How to cite this article:
Bhatt C J, Jagrit N N. Congenital hemangioma of parotid gland : A case report. Indian J Radiol Imaging 2003;13:15-6

How to cite this URL:
Bhatt C J, Jagrit N N. Congenital hemangioma of parotid gland : A case report. Indian J Radiol Imaging [serial online] 2003 [cited 2014 Jul 30];13:15-6. Available from: http://www.ijri.org/text.asp?2003/13/1/15/28616
Hemangioma of the parotid gland represents about 1-5% of all salivary gland tumors. Hemangiomas are commonest neoplasms in childhood but capillary hemangiomas are rare in parotid glands. [1]. we present a case of congenital capillary hemangioma of the parotid gland.


   Case report Top


A three-month old baby presented with a swelling in the left parotid gland region since birth. Three were no other complaints.

On examination there was a diffuse swelling in the left parotid region since birth. The overlying skin was normal. On palpation the swelling was soft. The clinician suspected it to be either a hemangioma or a lymphangioma. The patient was refered for an ultrasound examination.
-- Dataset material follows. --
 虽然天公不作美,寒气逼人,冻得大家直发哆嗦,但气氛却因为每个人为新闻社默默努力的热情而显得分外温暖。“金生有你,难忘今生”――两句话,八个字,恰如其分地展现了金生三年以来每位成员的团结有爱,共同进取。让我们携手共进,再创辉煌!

USG revealed the parotid gland to be enlarged and diffusely hypo echoic. [Figure - 1]. There were multiple small anechoic areas within. There was a large anechoic channel within the gland [Figure - 2]. On colour Doppler study the anechoic channel and other anechoic areas were filled up with colour indicating the vascular nature of this lesion [Figure - 3]. This was reported as a hemangioma. The tumor was excised and sent for biopsy. Biopsy showed a single line of endothelial cells with multiple blood vessels present in between the glandular tissue. These were interconnected at places. Plenty of RBCs were seen. There was no evidence of mitotic activity in the cells. This ruled out a malignant nature of the lesion and the diagnosis of hemangioma was confirmed.


   Discussion Top


Non-epithelial tumors overall constitute less than 5% of all salivary gland neoplasms, but in children they represent more than 50% of all tumors. These include lymphangiomas, hemangioma, lymphoid lesions, neurogenic tumors, lipomas and sarcomas. [2]
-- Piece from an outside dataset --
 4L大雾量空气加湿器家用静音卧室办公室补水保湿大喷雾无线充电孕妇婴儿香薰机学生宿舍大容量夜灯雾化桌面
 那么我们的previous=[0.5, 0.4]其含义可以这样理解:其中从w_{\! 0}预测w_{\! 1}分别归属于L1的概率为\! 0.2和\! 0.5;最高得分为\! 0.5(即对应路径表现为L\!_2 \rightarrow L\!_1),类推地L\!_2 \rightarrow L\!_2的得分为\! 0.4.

Capillary hemangiomas are rare in the parotid gland. Submandibular gland involvement is also rare. However in this case it may be difficult to distinguish between tumors arising within the gland or those arising within the soft tissue adjacent to the gland.

Hemangiomas are classified into capillary and cavernous type. The congenital capillary type of hemangioma is the predominant subtype in the first year of life. They represent about 90% of these lesions [3]. Cavernous hemangiomas are seen in older children. Capillary hemangiomas, discovered shortly after birth, are unilateral and compressible. Rapid enlargement can occur and bluish discolouration of the skin can be seen. These non-capsulated lobulated lesions are more common in girls. [1]. However our patient was a male child.

The normal parotid glands can be easily visualized on USG as homogenous echogenic structures [4]. On USG the echogenicity of a hemangioma is variable and depends on the size of the cystic component. The gland is usually enlarged and appears hypoechoiec or more or less isoechoiec, but may be echogenic compared to the surrounding cervical soft tissues. They are highly compressible. Color doppler study helps to detect the perfusion in the hemangioma and confirm the vascular nature of the lesion and helps to differentiate it from a lymphangioma [5].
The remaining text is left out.